Hot, white, no sugar..


----------



## Seneca60BC (19 October 2006)

LOL so much for day trading $$$$ LOL


----------



## professor_frink (19 October 2006)

Seneca60BC said:
			
		

> Day traders - how much did you make today ?
> What was it like?
> 
> Cheers



I'm not going to give an answer for the first question, coz it's just a bit too personal for the internet  

But for the second question- it was quite dull, like most trading days.
 When it's exciting, you aint doin it right


----------



## wayneL (19 October 2006)

professor_frink said:
			
		

> I'm not going to give an answer for the first question, coz it's just a bit too personal for the internet



Quite so!

Seneca (Hope there is no Nero here  )

Even if someone told you a $$$$ amount, it would be worthless unless substantiated, and taken in the context of the last 500 days and the next 500 days along with capital base, risk management parameters, risk of ruin etc etc etc.

Cheers


----------



## nioka (19 October 2006)

None. But I enjoyed the walk. What a silly question.


----------



## hardmoney (19 October 2006)

Well I had a nice day today, portfolio up a little over 1 percent on yesterdays close.

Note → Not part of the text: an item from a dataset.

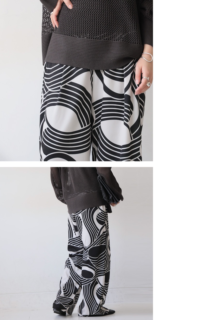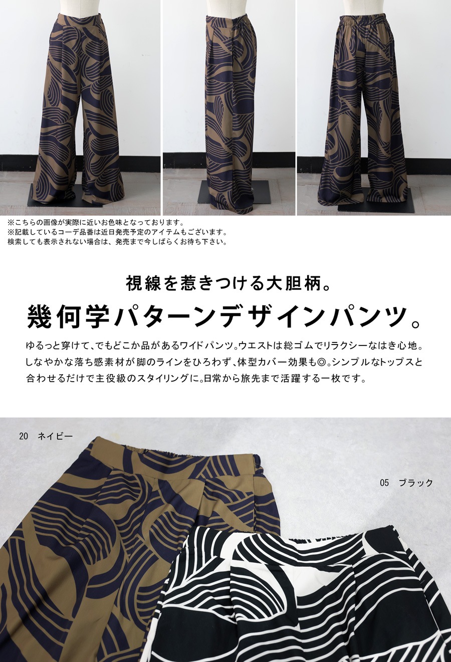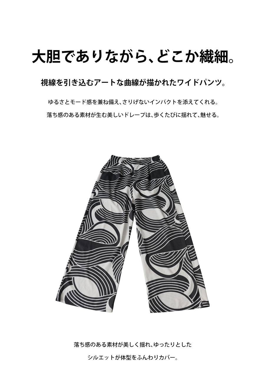 大胆な幾何学柄が視線を惹きつける、主役級のワイドパンツが登場しました。

However it doesn't mean much because I trade a long term mechanical system on weekly charts, I'm only going to act on tomorrows closing prices !


HM


----------



## Seneca60BC (19 October 2006)

wow - amazing how we all have our own little system that we employ - today I made $20


----------



## Realist (19 October 2006)

I lost $3300.  Got dorked on the Nasdaq..


----------



## new girl (19 October 2006)

Realist said:
			
		

> I lost $3300.  Got dorked on the Nasdaq..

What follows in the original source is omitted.